The Four Stages of Open Innovation Communities

Stage 1. The Social Suggestion Box
Most companies start their Open Innovation Community with an open-ended call for ideas and feedback. Community members are welcome to submit any idea, and the broader community (hopefully) comments on the idea and rates the idea using a simple scale or upvote. Community managers take the most highly rated ideas to the product team for discussion, and eventually some ideas are chosen for production.

The Social Suggestion Box phase is valuable in the short term, as customers will likely have suggestions they have been holding on to since they began their relationship with the company – essentially a communal backlog, if you will. Companies become stuck in this phase when they are unable to process the backlog of ideas, manage the growing community and deliver quality ideas to internal teams (typically product) in a format and within a timeline that aligns with product roadmaps. This break between the promise of a constant stream of new ideas, and the lack of a process and the ability to shape ideas into a usable format is the key challenge.

Stage 2. Overwhelming Backlog
The equivalent of the “trough of disillusionment” from the Gartner Hype Cycle, companies in the Overwhelming Backlog phase can often find themselves with a large pile of unread ideas, a community platform in need of a serious overhaul, an innovation program that no one really values and a community in revolt.

This situation may sound extreme, but it was exactly the one I walked in to when I joined Dell in 2010. IdeaStorm, Dell’s Open Innovation Community, had launched in 2007. After enjoying 2 years of valuable idea contributions, positive PR and internal support, year 3 found IdeaStorm as a “ghost ship” community, with no leadership, vision or community management. Things became so bad that a community member posted the idea that Dell should shut IdeaStorm down. The community quickly upvoted that idea, it caught the attention of Michael Dell and my team was given the task of “making it better, fast”. I eventually hired the community member who posted the “take it down” idea to become the new community manager for IdeaStorm.

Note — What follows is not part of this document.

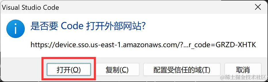 是否允许,翻译成【允许AWS VSCode工具包访问您的数据吗?】这里我们需要点击【Allow】代表允许。

To navigate out of the mess we were in, the team immediately began research to inform our new strategy. I wanted to know the financial impact of IdeaStorm to date, understand why ideas weren’t being responded to, and to understand what the barriers were in getting ideas from the Community into the the product teams at Dell. We found that the financial impact from IdeaStorm was really high ($100s of Millions), that we lacked an agreed upon internal process for scoring and prioritizing ideas, and that we needed to create a new type of community management role to help facilitate the new process – an Idea partner that lived on the product team. The final piece of the puzzle was implementing an archiving policy for ideas that didn’t score well in the community. Within a few months we had processed the ideas backlog, started design on a new platform (with the community), and had reengaged most internal product teams.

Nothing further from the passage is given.